Short Reads

DNB Supervisory Outlook 2017

DNB Supervisory Outlook 2017

19.12.2016 NL law

In 2014, the Dutch Central Bank ("DNB") published its long-term vision on supervision for the years 2014-2018. Recently, DNB published its supervisory outlook for 2017.

DNB identified low interest rates, technological innovation, inability to adapt to changes by financial institutions, the complexity and unintended consequences of laws and regulations, terrorist financing and money laundering, climate-related risks (especially for non-life insurers and lenders to CO2 heavy industries) and financial, economic and political risks, such as risks related to Brexit and the US elections as key risks for the years ahead.

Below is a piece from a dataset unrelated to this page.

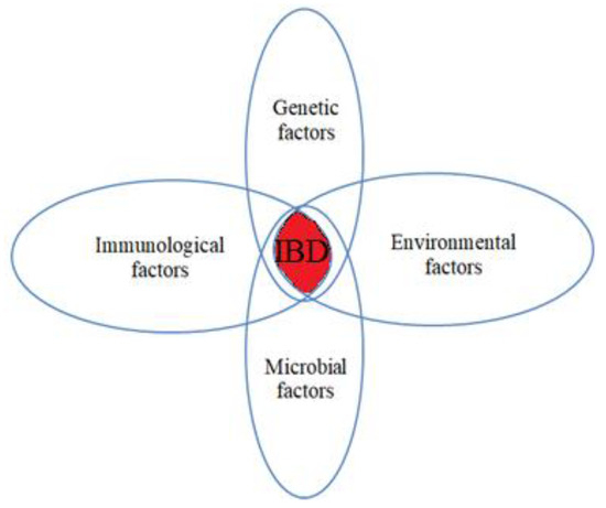 The etiology and pathophysiology of IBD are not completely elucidated. IBD results from the complex interaction of environmental and intestinal microbial factors within a organism that has a genetic susceptibility, which ultimately results in an abnormal immune response partly disconnected from its own regulatory mechanisms (Figure 1) [18].

  • Technological innovation – Current laws do not always sufficiently mitigate the risks related to technological innovation. DNB's focus will be on the impact of blockchain technology on the financial sector, topics related to cybercrime, and financial sector technological innovation generally.
     
  • Outsourcing – DNB will focus on the risks associated with outsourcing by financial institutions.
     
  • Climate risks – In 2016, DNB published a paper about the transition to a carbon-neutral economy. Follow-up research will focus on risk management methods, including a "stress test" for climate risks and research on climate risks for insurers.
     
  • Adaptability of the financial sector and strategic decision making – DNB will look into the ability of financial institutions to adapt to changing circumstances and will conduct an assessment at a number of insurers and pension funds on the quality of their strategic decision-making process. Based on the results of this assessment, DNB will issue best practice guidelines and will inform the sector by means of a publication and a seminar.
     
  • Integrity screening – DNB announced that it will continue to make improvements to the process of the integrity screening of directors.
     
  • Systematic integrity risk analysis ("SIRA") – Financial institutions are required to have an adequate SIRA in place. DNB will review whether the SIRA leads to appropriate risk-mitigation policies.
     
  • Aggressive tax planning and anonymity of clients – DNB will investigate whether financial institutions facilitate arrangements preventing individuals and companies from being visible to governmental authorities.
     
  • Measures relating to anti-terrorism financing and sanctions – DNB will review whether the required improvements to mitigate the risks of involvement in terrorist financing and potential breaches of the Dutch Sanctions Act have been adequately implemented.
     
  • Banks – DNB will assess individual institutions in relation to their yearly risk assessment (the Supervisory Review and Evaluation Process (SREP)). Internal models for the calculation of market risk, counterparty risk and credit risk, defaulting loans and credit risk will also be reassessed.
     
  • Insurers – DNB will look into the impact of technological innovation on the insurance sector, whether the risk management function satisfies the requirements set out in Solvency II and the profitability of insurance products by reviewing the Product Approval and Review Process (PARP). DNB will also conduct a "stress-test" for insurers.
     
  • Pension funds – DNB will review the provision of information of pension funds to their clients, It will also look into whether the business models are sustainable.
     
  • Trust offices – Trust offices will be part of the cross-sector assessment relating to the measures they have implemented so far to prevent terrorist financing and the Sanctions Act 1977.
     
  • Investment firms and AIFMs – DNB will conduct on-site assessments of risk at large investment firms and AIFMs.
     
  • Payment institutions and electronic money institutions – Payment institutions must draw-up a recovery and resolution plan. DNB will expand its supervisory capacity relating to payment institutions and electronic money institutions.
     
  • Money transfer offices – DNB will extend its transaction monitoring and network analysis to money transfer offices to ensure an effective supervision of anti-money laundering and anti-terrorist financing measures.

The other Dutch financial regulator, the Netherlands Authority for the Financial Markets ("AFM"), which focuses on market conduct supervision, also formulated its long-term vision under its supervisory agenda in January 2016, covering the period 2016-2018. On 25 March 2016, the AFM updated these plans in its agenda for 2016. Further plans have not yet been made public for 2017.